Single by Gorillaz

from the album The Fall
- A-side: "Revolving Doors"
- Released: 14 March 2011
- Recorded: 23 October 2010 in Amarillo
- Genre: Trip hop; electronica;
- Length: 3:24
- Label: Parlophone
- Songwriter: Damon Albarn
- Producers: Gorillaz; Stephen Sedgwick;

Gorillaz singles chronology
| "Doncamatic" (2010) | "Revolving Doors" / "Amarillo" (2011) | "DoYaThing" (2012) |

Audio
- "Amarillo" on YouTube

= Amarillo (Gorillaz song) =

2011 single by Gorillaz

"Amarillo" is a double A-side single with "Revolving Doors" released by British alternative band Gorillaz from their iPad recorded album, The Fall.

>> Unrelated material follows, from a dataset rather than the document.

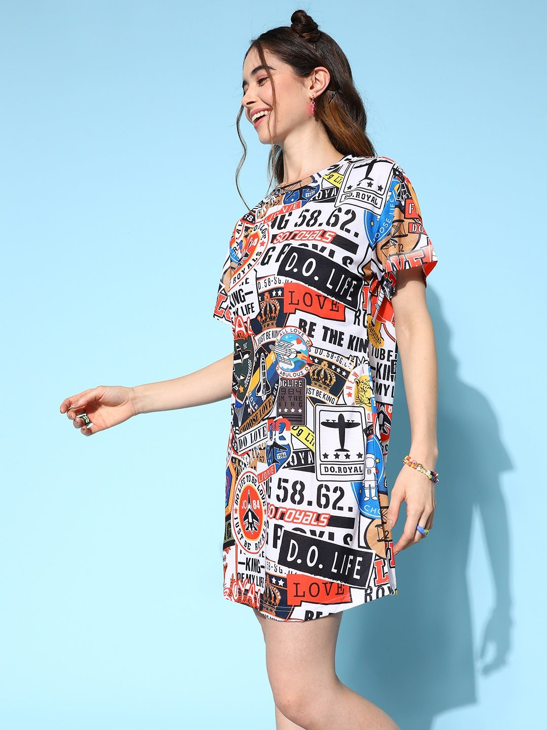 Amp up your summer casual style to a whole new height with the addition of this marvellous White & Multicolour Conversational Printed Round Neck Short Sleeves Longline T-Shirt from Berrylush. Designed with a longline length that gives this t-shirt a cool and trendy appearance with a resemblance to a dress. Styled with a round neck design that lends your neckline universally flattering appeal without exposing much skin. Spun from lightweight polyester fabric to offer highly stain-resistant and quick-drying characteristics to this t-shirt. Mix and match this t-shirt with your favourite shorts, a pair of white sneakers, pink hoop earrings, and your favourite side bag to create a stunning look.

The word "amarillo" comes from Spanish and it translates to "yellow".

==Background==
"Amarillo" was recorded in Amarillo, Texas on 23 October 2010. The song features instrumentals from The Clash band member Mick Jones.

==Personnel==
- Damon Albarn – vocals, synthesizer, vocoder, recording engineer
- Mick Jones – guitar
- Stephen Sedgwick – mixing engineer, recording engineer
- Geoff Pesche – mastering engineer

==Critical reception==
NME gave the single a positive review saying "Amarillo is a slow, yet euphoric song that finds Damon's reverb-laden voice evocatively recalling America's vast great interior. One of the more fully formed songs on the album, you get a vivid portrait of a songwriter from the British Isles getting his mind around one of the world's largest open spaces."